Le fait d’être à contre-courant envers les pouvoir dominant – à propos de la « méthode scientifique unique » ou des attitudes normalisées d’égoïsme, de conformisme politique et d’acceptation du militarisme – est une autre façon pour l’éthique de la fondation de se connecter à l’œuvre de Paul. Personnellement, j’aime rappeler sa profonde aversion pour l’arrogance, le racisme et la violence – de l’enrichissement personnel gratuit à l’apartheid et aux crimes de guerre soutenus par l’État et malheureusement très répandus aujourd’hui. Je me souviens de son désir de rester proche de l’expérience et des besoins des gens, en apportant éventuellement une contribution positive, même minime, mais toujours en accord avec leurs propres souhaits et perspectives. Je me souviens de son appréciation sincère de ce que chacun peut offrir – chacun d’entre nous ayant une perspective et une expérience de la vie différentes. Il transmettait souvent le sentiment, par son comportement plus que par des mots, qu’être libre est fondamental pour le bien-être. Mais il admirait aussi les Paul Robeson de ce monde, des personnes dévouées à la solidarité politique et humaine, prêtes à jouer et à créer de la beauté, mais aussi à travailler dur, quitte à risquer l’exclusion et les représailles, au nom de la justice et du bien-être de tous.

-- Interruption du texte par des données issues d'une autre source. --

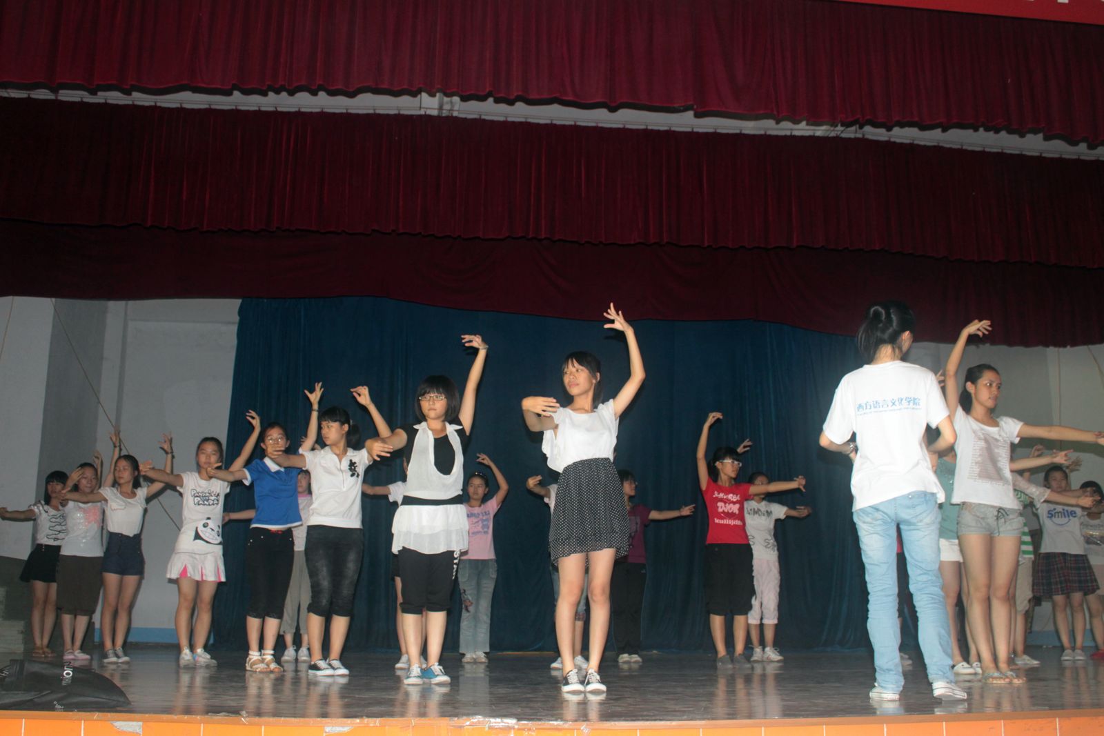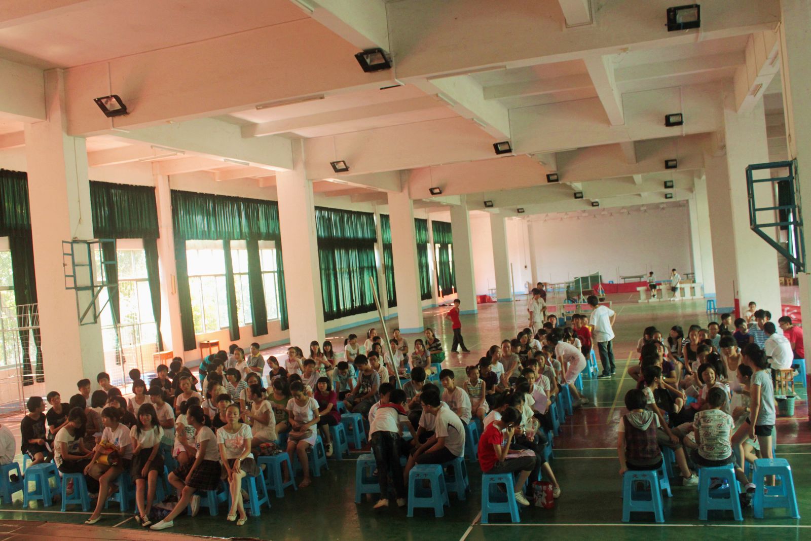 本网讯 2011年7月28日,按照原定计划,上午进行文艺汇演彩排,下午两点半正式开始演出。不过光是上午彩排就已经闹得人仰马翻了,幸好队员们和学生们通力合作,共同解决了一切问题,这也为下午文艺汇演的顺利演出奠定了基础。 上午的文艺汇演彩排,师生们九点半准时到达会场。由于会场没有风扇,空气不太流通,比较闷热,学生们都纷纷抱怨,有点小情绪。VISION队长林格好要求大家安静,“我们明天就要走了,我希望大家能够克服困难,安静坐在闷热的会场中,做个文明观众,给老师们留下最美好的印象。谢谢大家!”顿时,台下鸦雀无声,大家都静静地等待彩排开始。

C’est en résonance avec tout ce qui précède que je trouve mes propres motivations pour consacrer du temps, de l’énergie et des ressources à la survie de la Fondation Feyerabend, et je sais que d’autres membres du conseil d’administration de la Fondation ont des sentiments similaires.  Au moment où j’écris ces lignes, rien n’est plus urgent que de démasquer le racisme pernicieux et la militarisation de nos sociétés, avec l’aide et la complicité des politiciens et des médias qui ne cessent de nous escroquer, poursuivant leurs propres intérêts particuliers aux dépens des intérêts et du bien-être de la plupart des autres. L’appréciation de Paul pour l’histoire et l’abondance de la vie, sa capacité à penser « hors des sentiers battus » et son doux appel à percevoir notre humanité partagée sont – me semble-t-il – nécessaires aujourd’hui plus que jamais.